**WORK ITEM**
Print the records below exactly, omitting all pictures.

**MATERIAL TO PROCESS**

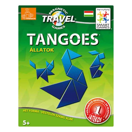 Smart Games, Tangoes- állatok Fejleszti: - logikai következtetést - stratégiai előretervezést - képfelismerést és a térlátást A Tangoes művészi és geometriai elemeket tartalmaz a vizuális érzékelés fejlesztésére, felnőtteknek és gyerekeknek egyaránt. A Tangoes kiváló eszköz a probléma megoldási készség és a csapatmunka fejlesztésére is. Válasszuk ki a megoldani kívánt feladatot, majd a 7 darabkát felhasználva, próbáljuk meg kirakni. A darabok mágnesesek, így a helyükön maradnak. Ha elakadnál, csak fordítsd meg az oldalt és már előtted is a megoldás. A játékhoz 24 feladvány tartozik, de ezen felül kreativitásunkat is latba vethetjük.
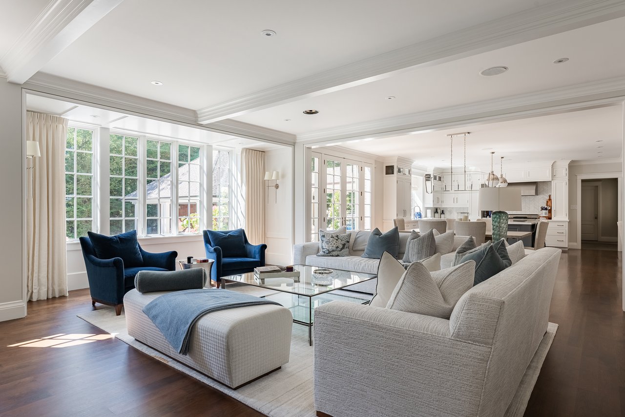 From the moment you arrive, the home’s presence is unmistakable. A welcoming front entry leads to an expansive floor plan thoughtfully designed for both family living and entertaining. Generously scaled principal rooms include a formal living room with fireplace, a sophisticated dining room, a private main floor office, and a sun-filled family room that seamlessly connects to the kitchen, servery, and breakfast area. Throughout the home, large windows and multiple walkouts ensure abundant natural light and effortless indoor-outdoor flow.
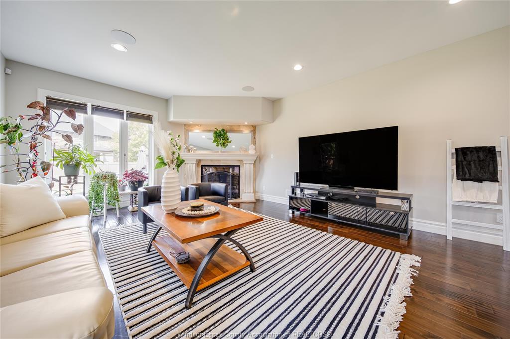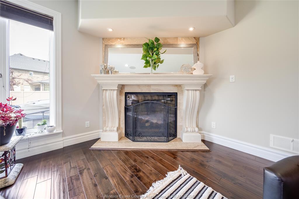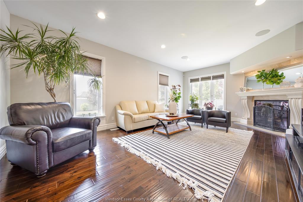 STEP INTO A TWO-STORY FOYER WITH ELEGANT HARDWOOD AND TILE FLOORING THROUGHOUT. CUSTOM TOUCHES INCLUDE DOUBLE BEVELED GLASS FRENCH DOORS, IN-CEILING SPEAKERS, AND A GAS FIREPLACE WITH A GRAND MANTEL THAT ANCHORS THE LIVING SPACE.
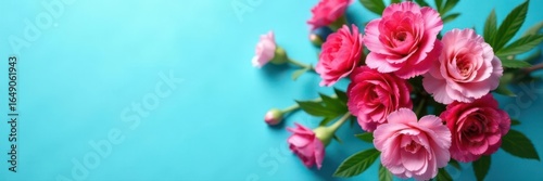 Carnation bouquet on bright blue table, Mother's Day gift , flowers, cheerful, close up
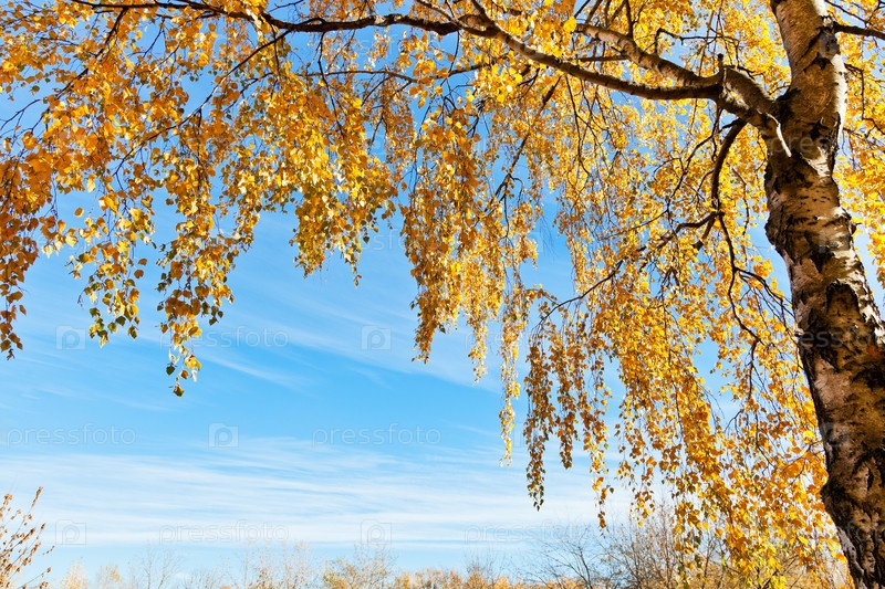 Ветка березы с желтыми листьями на фоне голубого неба
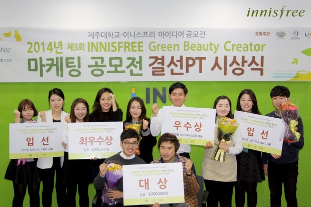 자연주의 화장품 브랜드 이니스프리(대표 안세홍)가 지난 3일 제주대학교 및 제주대학교 LINC사업단(단장 이상백 교수)과 공동으로 개최한 ‘제주대 그린 뷰티 크리에이터 마케팅 공모전’의 최종 발표회 및 시상식을 진행했다고 밝혔다.
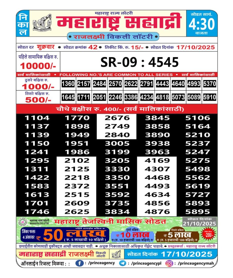 Maharashtra Sahyadri Weekly Lottery 4.30 PM Result 17.10.2025 October 17, 2025 Leave a Comment on Maharashtra Sahyadri Weekly Lottery 4.30 PM Result 17.10.2025 Share: XFacebookPinterestRedditVKDiggLinkedinMix Related Articles 0 28 Rajshree 50 Shukra Weekly Lottery 7:30 PM Result 24.10.2025 0 91 Rajshree Friday Weekly Lottery 8 Pm Result 16.05.2025 0 67 Dear Donner Saturday Weekly Lottery 6 Pm Result 14.06.2025 0 82 Labh Laxmi Power Sunday Weekly Lottery 4 Pm Result 11.5.2025
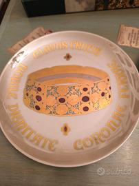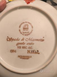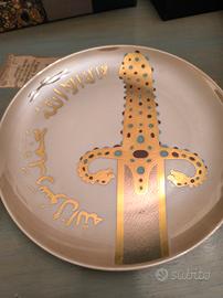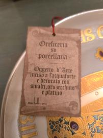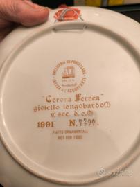 patti di oreficeria su porcellana decorati con oro e platino spada di Maometto gioiello arabo e corona ferrea di Monza piatto italico longobardo. Acquistabili anche singolarmente.
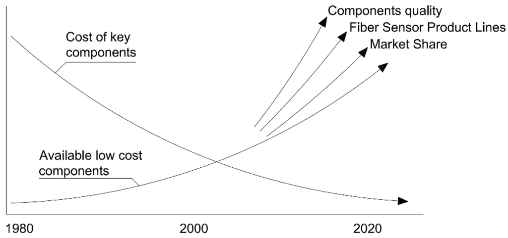 - Miller, J.W.; Mendez, A. Fiber Bragg grating sensors: Market overview and new perspectives. In Fiber Bragg Grating Sensors: Recent Advancements, Industrial Applications and Market Exploitation; Bentham Science Publishers: Sharjah, United Arab Emirates, 2014; pp. 313–320. [Google Scholar]
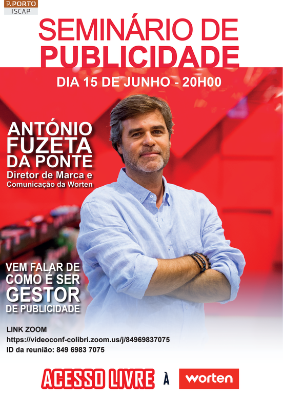 No próximo dia 15 de junho, realizar-se-á, pelas 20h00, um Seminário de Publicidade no qual António Fuzeta da Ponte vem falar de Como é Ser Gestor de Publicidade.
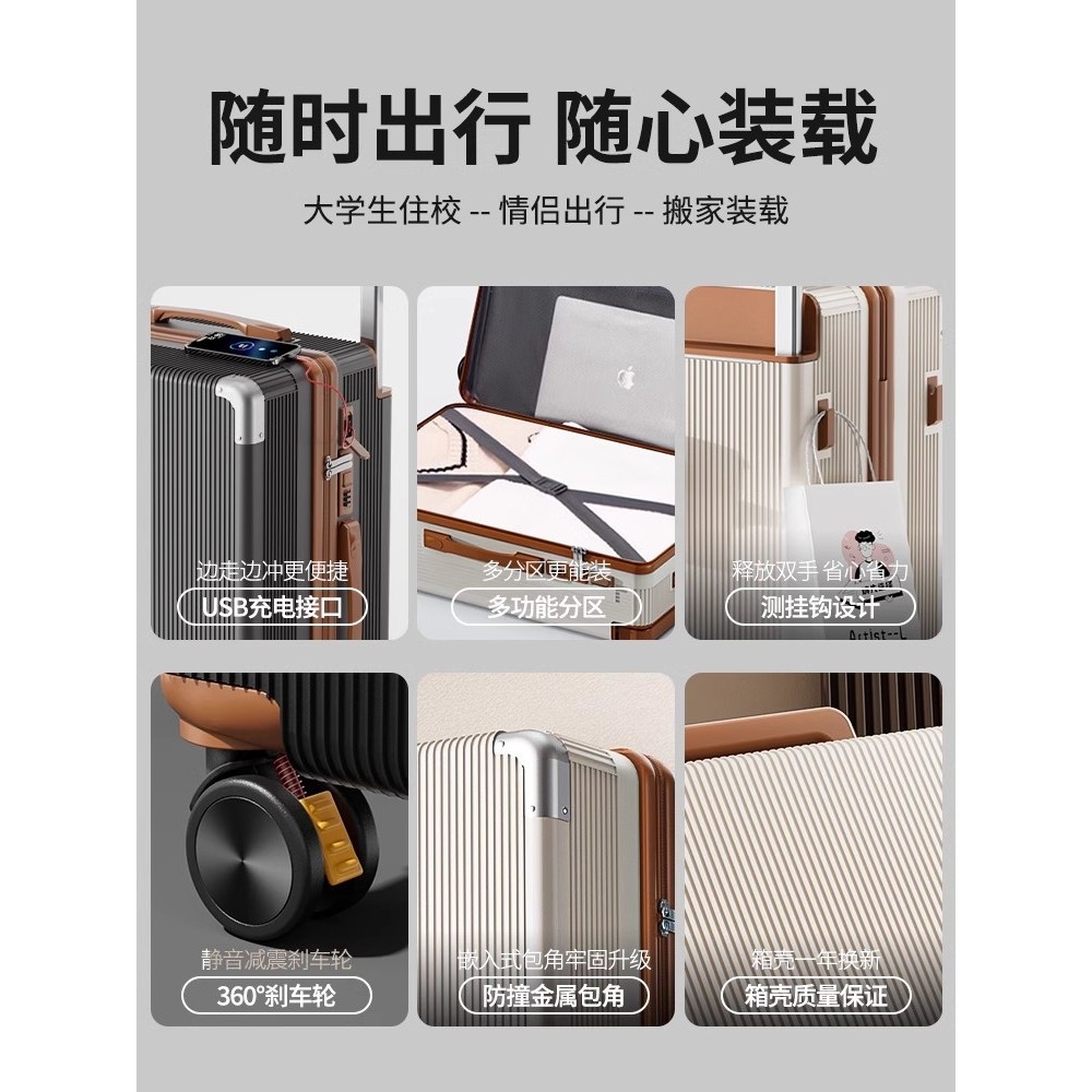 外交官宽拉杆静音登机USB充电箱
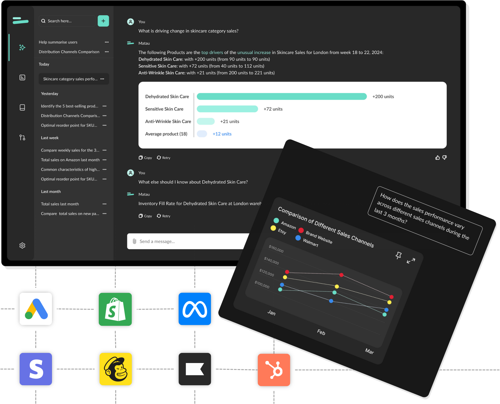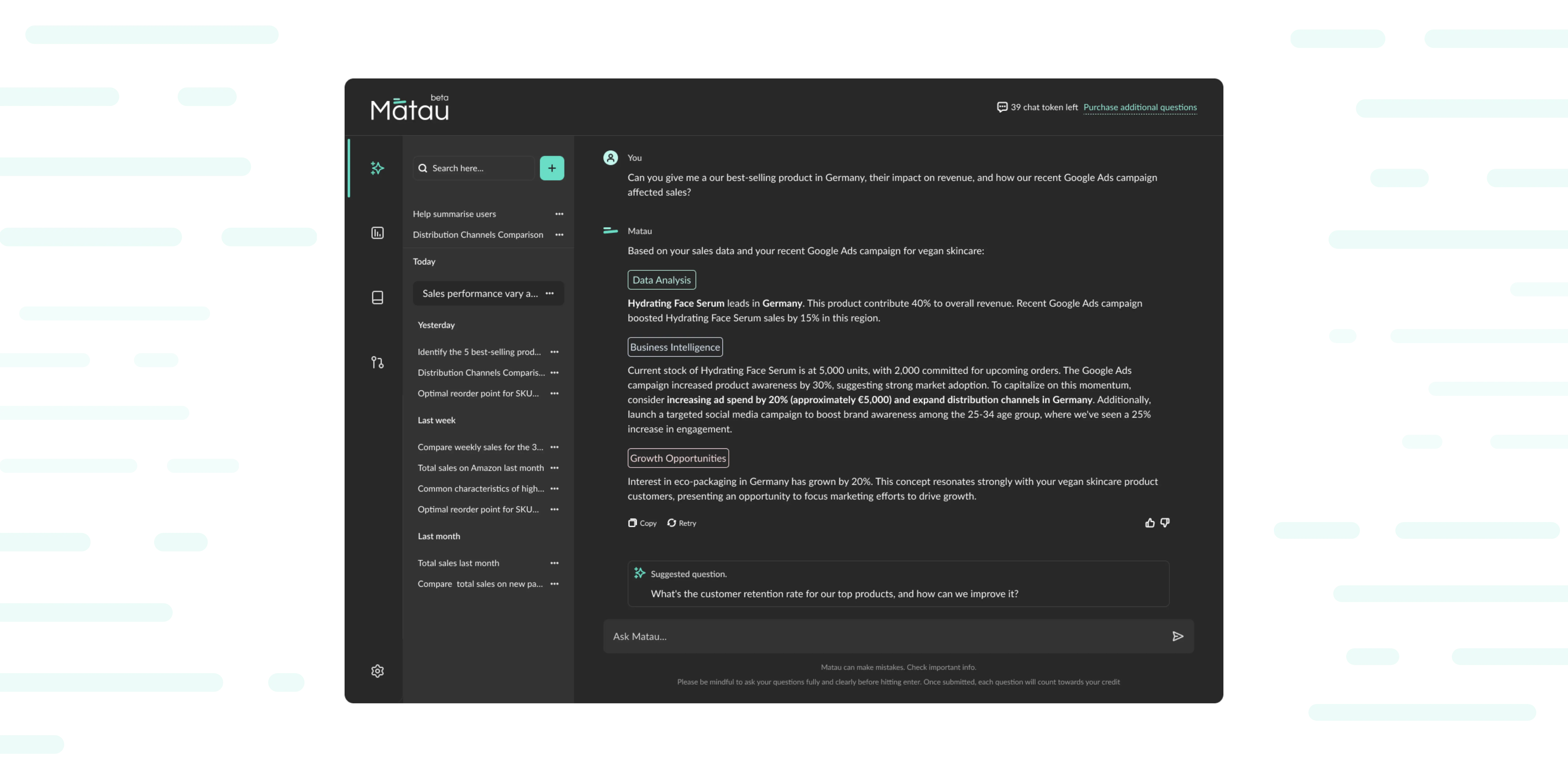 Simply ask Matau questions in plain language. Get clear, actionable answers without decoding confusing visuals. Transform data analysis into a natural dialogue for faster understanding.
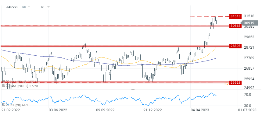 Zaledwie cztery sesje temu Nikkei 225 wyznaczył historyczne szczyty i znalazł się blisko 30 letnich maksimów po osiągnięciu wstępnego porozumienia w sprawie limitu zadłużenia w USA. Co więcej, paliwa do wzrostów dolała euforia na akcjach z sektora układów scalonych i AI. Japonia widzi w nich potencjał na rozwój gospodarczy kraju. Motorem napędowym wzrostów był Advantest, producent sprzętu dla Nvidia, Nikon oraz SoftBank. Władze z Tokio zapewniły w ostatnim czasie dotacje dla globalnych firm z sektora chipów jak Taiwan Semiconductor Manufacturing (TSM.US) na budowę nowych fabryk lub rozbudowę istniejących.

**ANSWER BELOW**
 Smart Games, Tangoes- állatok Fejleszti: - logikai következtetést - stratégiai előretervezést - képfelismerést és a térlátást A Tangoes művészi és geometriai elemeket tartalmaz a vizuális érzékelés fejlesztésére, felnőtteknek és gyerekeknek egyaránt. A Tangoes kiváló eszköz a probléma megoldási készség és a csapatmunka fejlesztésére is. Válasszuk ki a megoldani kívánt feladatot, majd a 7 darabkát felhasználva, próbáljuk meg kirakni. A darabok mágnesesek, így a helyükön maradnak. Ha elakadnál, csak fordítsd meg az oldalt és már előtted is a megoldás. A játékhoz 24 feladvány tartozik, de ezen felül kreativitásunkat is latba vethetjük.
 From the moment you arrive, the home’s presence is unmistakable. A welcoming front entry leads to an expansive floor plan thoughtfully designed for both family living and entertaining. Generously scaled principal rooms include a formal living room with fireplace, a sophisticated dining room, a private main floor office, and a sun-filled family room that seamlessly connects to the kitchen, servery, and breakfast area. Throughout the home, large windows and multiple walkouts ensure abundant natural light and effortless indoor-outdoor flow.
 STEP INTO A TWO-STORY FOYER WITH ELEGANT HARDWOOD AND TILE FLOORING THROUGHOUT. CUSTOM TOUCHES INCLUDE DOUBLE BEVELED GLASS FRENCH DOORS, IN-CEILING SPEAKERS, AND A GAS FIREPLACE WITH A GRAND MANTEL THAT ANCHORS THE LIVING SPACE.
 Carnation bouquet on bright blue table, Mother's Day gift , flowers, cheerful, close up
 Ветка березы с желтыми листьями на фоне голубого неба
 자연주의 화장품 브랜드 이니스프리(대표 안세홍)가 지난 3일 제주대학교 및 제주대학교 LINC사업단(단장 이상백 교수)과 공동으로 개최한 ‘제주대 그린 뷰티 크리에이터 마케팅 공모전’의 최종 발표회 및 시상식을 진행했다고 밝혔다.
 Maharashtra Sahyadri Weekly Lottery 4.30 PM Result 17.10.2025 October 17, 2025 Leave a Comment on Maharashtra Sahyadri Weekly Lottery 4.30 PM Result 17.10.2025 Share: XFacebookPinterestRedditVKDiggLinkedinMix Related Articles 0 28 Rajshree 50 Shukra Weekly Lottery 7:30 PM Result 24.10.2025 0 91 Rajshree Friday Weekly Lottery 8 Pm Result 16.05.2025 0 67 Dear Donner Saturday Weekly Lottery 6 Pm Result 14.06.2025 0 82 Labh Laxmi Power Sunday Weekly Lottery 4 Pm Result 11.5.2025
 patti di oreficeria su porcellana decorati con oro e platino spada di Maometto gioiello arabo e corona ferrea di Monza piatto italico longobardo. Acquistabili anche singolarmente.
 - Miller, J.W.; Mendez, A. Fiber Bragg grating sensors: Market overview and new perspectives. In Fiber Bragg Grating Sensors: Recent Advancements, Industrial Applications and Market Exploitation; Bentham Science Publishers: Sharjah, United Arab Emirates, 2014; pp. 313–320. [Google Scholar]
 No próximo dia 15 de junho, realizar-se-á, pelas 20h00, um Seminário de Publicidade no qual António Fuzeta da Ponte vem falar de Como é Ser Gestor de Publicidade.
 外交官宽拉杆静音登机USB充电箱
 Simply ask Matau questions in plain language. Get clear, actionable answers without decoding confusing visuals. Transform data analysis into a natural dialogue for faster understanding.
 Zaledwie cztery sesje temu Nikkei 225 wyznaczył historyczne szczyty i znalazł się blisko 30 letnich maksimów po osiągnięciu wstępnego porozumienia w sprawie limitu zadłużenia w USA. Co więcej, paliwa do wzrostów dolała euforia na akcjach z sektora układów scalonych i AI. Japonia widzi w nich potencjał na rozwój gospodarczy kraju. Motorem napędowym wzrostów był Advantest, producent sprzętu dla Nvidia, Nikon oraz SoftBank. Władze z Tokio zapewniły w ostatnim czasie dotacje dla globalnych firm z sektora chipów jak Taiwan Semiconductor Manufacturing (TSM.US) na budowę nowych fabryk lub rozbudowę istniejących.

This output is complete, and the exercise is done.